Output each entry that follows exactly. Images stay out.

__________________________________________________

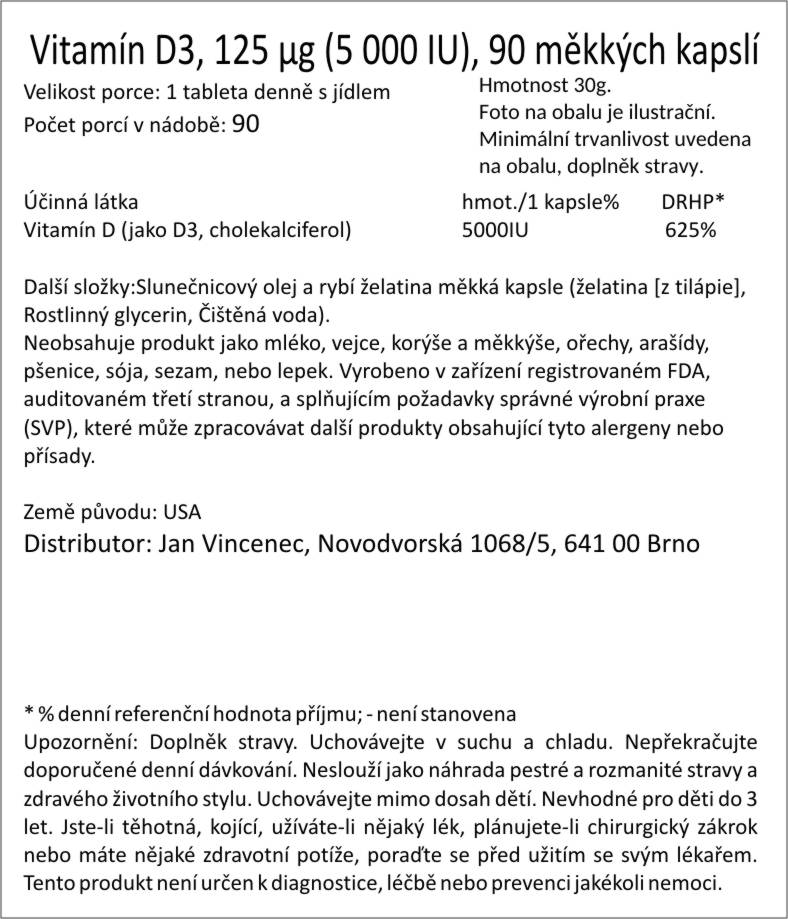 Vitamín D3, 125 μg (5 000 IU), 90 měkkých kapslí
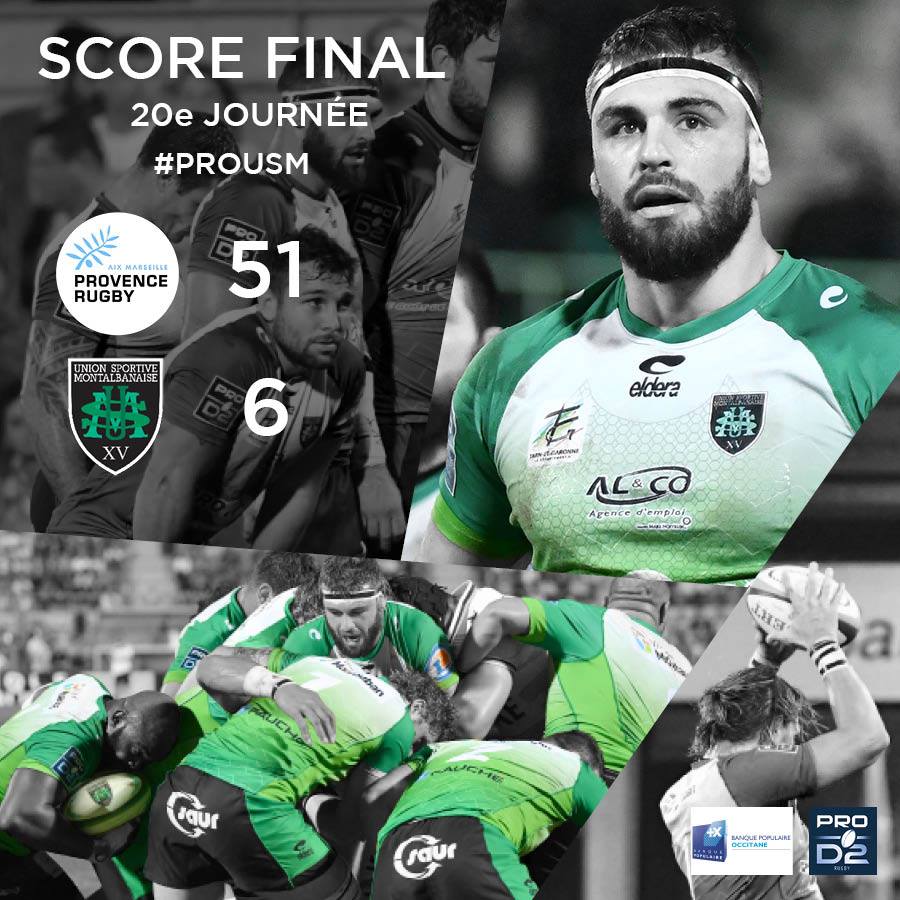 A Montauban, sur l’autel d’un regain de forme naissant, certains supporters et suiveurs se mettaient à rêver d’une folle « remontada » pour accrocher les play-offs. Il est vrai qu’arithmétiquement parlant, cela pouvait se laisser entendre, mais le sport qui plus est le rugby, est surtout sujet au dogme des dynamiques. Celles des pensionnaires de Sapiac, n’est pas des plus porteuses cette saison, et les Bosviel et consorts viennent de subir, un dur retour de flamme. En déplacement chez le promu provençal, les « Gars de Jeff Dubois » ont littéralement bu le calice jusqu’à la lie. Conquérant en début de rencontre, les Sapiacains ont totalement explosé en vol au coeur du match (entre la 30eme et la 50eme). Le Capitaine de Provence Rugby (Joe Edwards), a montré la voie en inscrivant la bagatelle de 3 essais(34e, 41e et 49e), imité par ses frères d’armes : Tuapati (37e), Tuamalolo (44e) et Massip (64e). Avec ce 51-6, qui sonne comme une gifle cinglante, le club de la préfecture Tarn et Garonnaise joue à se faire peur, et flirte à nouveau dangereusement avec la zone rouge. La réception d’un des favoris à l’accession en Prod2 (Brive) et le déplacement en terre Montoise, met l’USM dos au mur. Dans cette ville de garnison, qu’est Montauban: il va falloir se mettre rapidement en ordre de marche, si la cuvette de Sapiac, ne veut pas re-goûter au mitard de la fédérale.
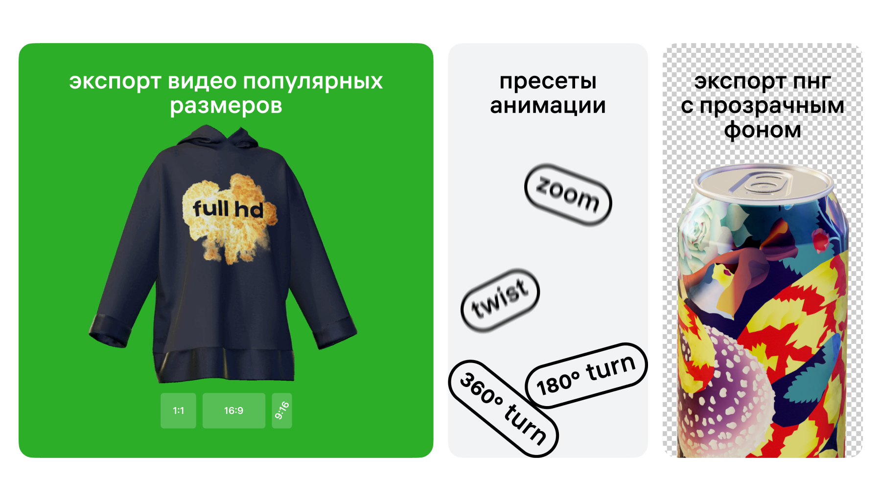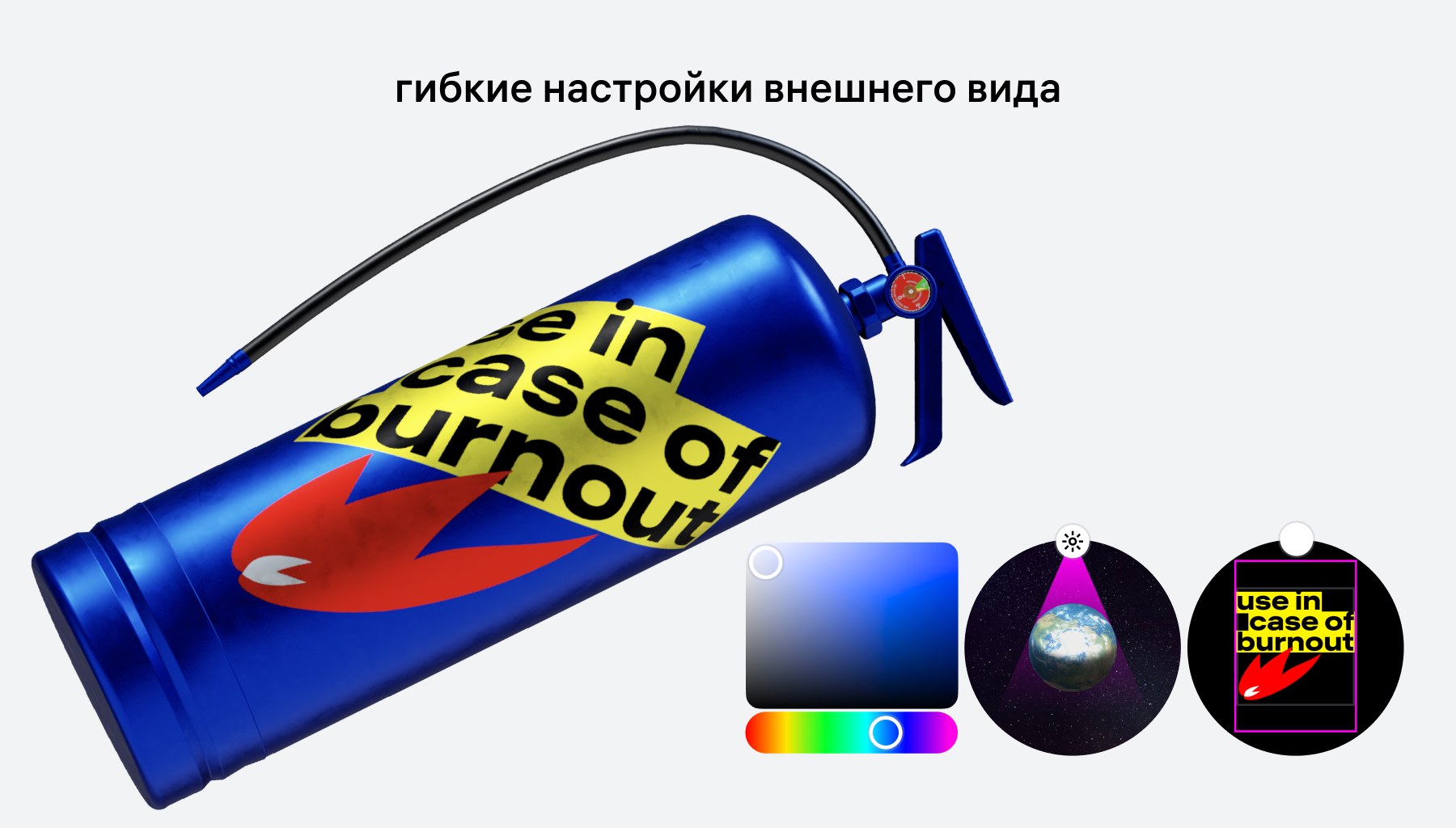 Все происходит в браузере: просто закинул логотип, настроил ракурс, цвет, свет — и готово. Не нужно возиться со сложными графическими редакторами — сплошная экономия времени на подготовке презентаций и анонсов.
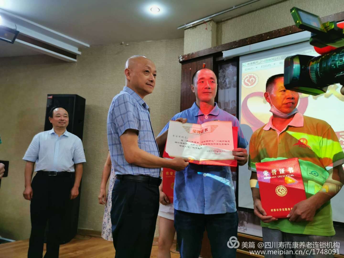 圖為:成都市成都市養老服務(wù)業(yè)協(xié)會(huì )副會(huì )長(cháng),四川壽而康養老連鎖機構董事長(cháng)曹野先生,親自為獲得“交流會(huì )優(yōu)質(zhì)發(fā)言”的李安軍頒發(fā)獎勵證書(shū)。
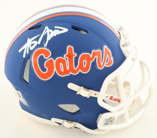 Riddell Florida Gators Blue Speed Mini Helmet. Hand-signed by Steve Spurrier. The autograph includes an official Beckett Authentication Services serially numbered hologram and QR Code card for authenticity purposes. The...
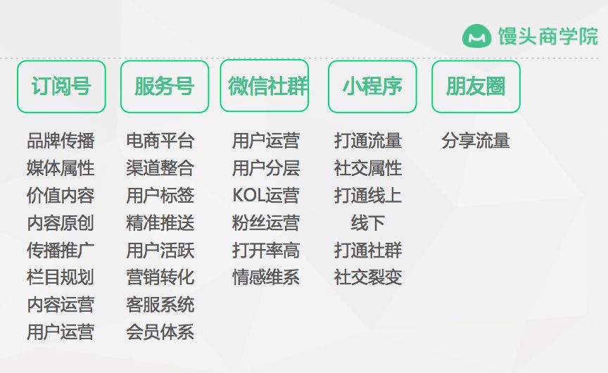 我们的目标变成,订阅号更看重转发率,服务号看重用户触达率,微信社群是社群体系的搭建和用户分层,小程序是打通流量拉动新用户,朋友圈是分享转化率。
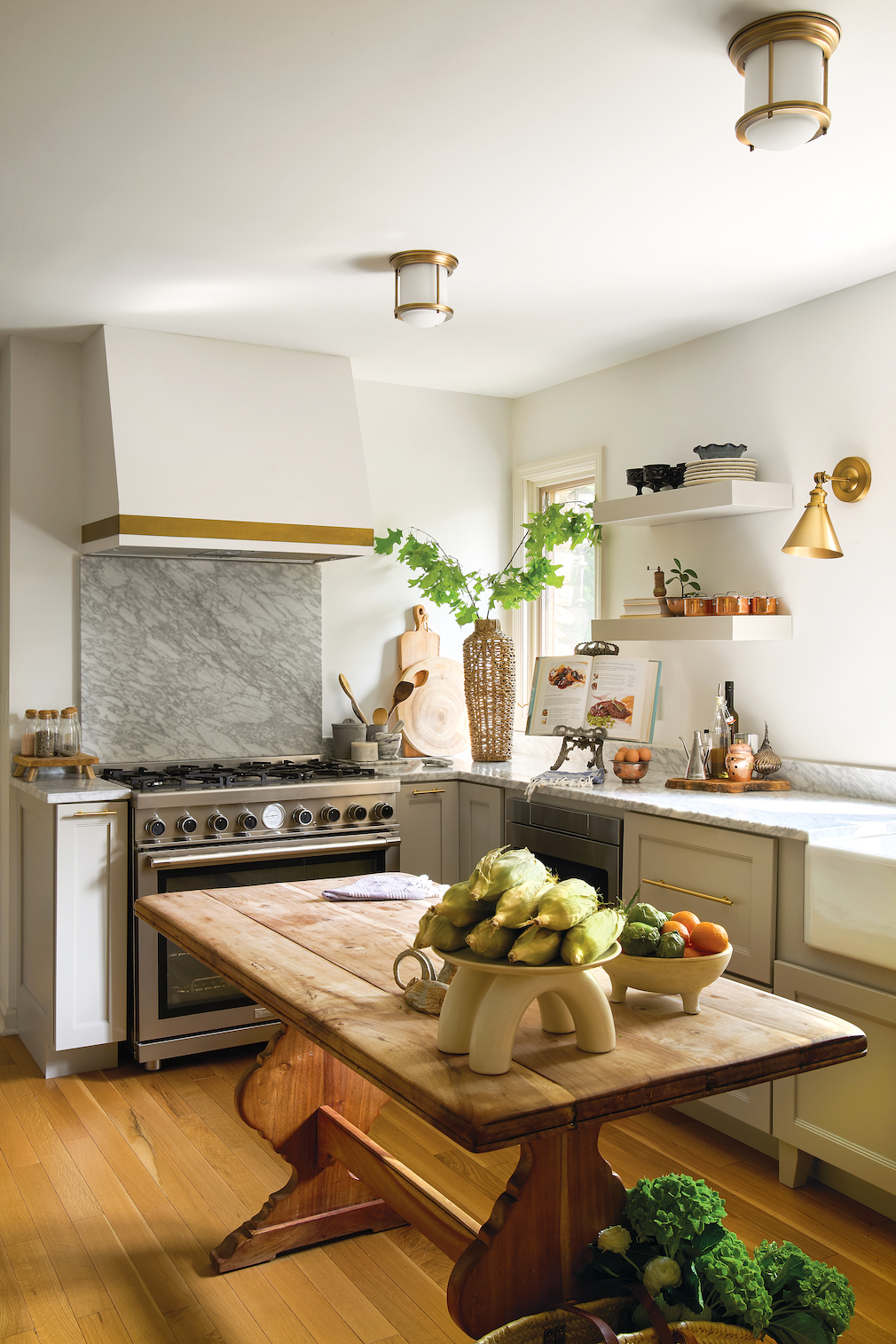 Drawing inspiration from her home’s stone exterior, interior designer Julie Paulino reimagined her Dublin, Ohio, kitchen with warm hardwood flooring and latte-colored cabinetry accented by Carrara marble countertops. “It’s a European-style kitchen with American functionality and technology, ” she remarks. The designer pushed back a wall, eliminated a peninsula and did away with upper cabinets on the window wall, resulting in a larger, light-filled space. In place of an island, Paulino incorporated a wooden dining table that invites long conversations. Photo by Marshall Evan
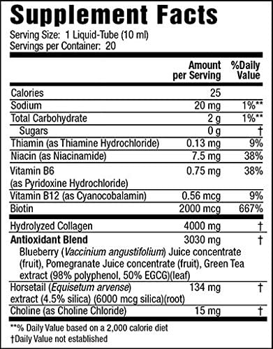 Hydrolyzed Collagen: a full 4,000 mg to help replenish the body?s supply of collagen. Biotin: a full 500 mcg per serving. Biotin is a water-soluble vitamin essential for normal cellular functions.

__________________________________________________

**Solved problem:**
 Vitamín D3, 125 μg (5 000 IU), 90 měkkých kapslí
 A Montauban, sur l’autel d’un regain de forme naissant, certains supporters et suiveurs se mettaient à rêver d’une folle « remontada » pour accrocher les play-offs. Il est vrai qu’arithmétiquement parlant, cela pouvait se laisser entendre, mais le sport qui plus est le rugby, est surtout sujet au dogme des dynamiques. Celles des pensionnaires de Sapiac, n’est pas des plus porteuses cette saison, et les Bosviel et consorts viennent de subir, un dur retour de flamme. En déplacement chez le promu provençal, les « Gars de Jeff Dubois » ont littéralement bu le calice jusqu’à la lie. Conquérant en début de rencontre, les Sapiacains ont totalement explosé en vol au coeur du match (entre la 30eme et la 50eme). Le Capitaine de Provence Rugby (Joe Edwards), a montré la voie en inscrivant la bagatelle de 3 essais(34e, 41e et 49e), imité par ses frères d’armes : Tuapati (37e), Tuamalolo (44e) et Massip (64e). Avec ce 51-6, qui sonne comme une gifle cinglante, le club de la préfecture Tarn et Garonnaise joue à se faire peur, et flirte à nouveau dangereusement avec la zone rouge. La réception d’un des favoris à l’accession en Prod2 (Brive) et le déplacement en terre Montoise, met l’USM dos au mur. Dans cette ville de garnison, qu’est Montauban: il va falloir se mettre rapidement en ordre de marche, si la cuvette de Sapiac, ne veut pas re-goûter au mitard de la fédérale.
 Все происходит в браузере: просто закинул логотип, настроил ракурс, цвет, свет — и готово. Не нужно возиться со сложными графическими редакторами — сплошная экономия времени на подготовке презентаций и анонсов.
 圖為:成都市成都市養老服務(wù)業(yè)協(xié)會(huì )副會(huì )長(cháng),四川壽而康養老連鎖機構董事長(cháng)曹野先生,親自為獲得“交流會(huì )優(yōu)質(zhì)發(fā)言”的李安軍頒發(fā)獎勵證書(shū)。
 Riddell Florida Gators Blue Speed Mini Helmet. Hand-signed by Steve Spurrier. The autograph includes an official Beckett Authentication Services serially numbered hologram and QR Code card for authenticity purposes. The...
 我们的目标变成,订阅号更看重转发率,服务号看重用户触达率,微信社群是社群体系的搭建和用户分层,小程序是打通流量拉动新用户,朋友圈是分享转化率。
 Drawing inspiration from her home’s stone exterior, interior designer Julie Paulino reimagined her Dublin, Ohio, kitchen with warm hardwood flooring and latte-colored cabinetry accented by Carrara marble countertops. “It’s a European-style kitchen with American functionality and technology, ” she remarks. The designer pushed back a wall, eliminated a peninsula and did away with upper cabinets on the window wall, resulting in a larger, light-filled space. In place of an island, Paulino incorporated a wooden dining table that invites long conversations. Photo by Marshall Evan
 Hydrolyzed Collagen: a full 4,000 mg to help replenish the body?s supply of collagen. Biotin: a full 500 mcg per serving. Biotin is a water-soluble vitamin essential for normal cellular functions.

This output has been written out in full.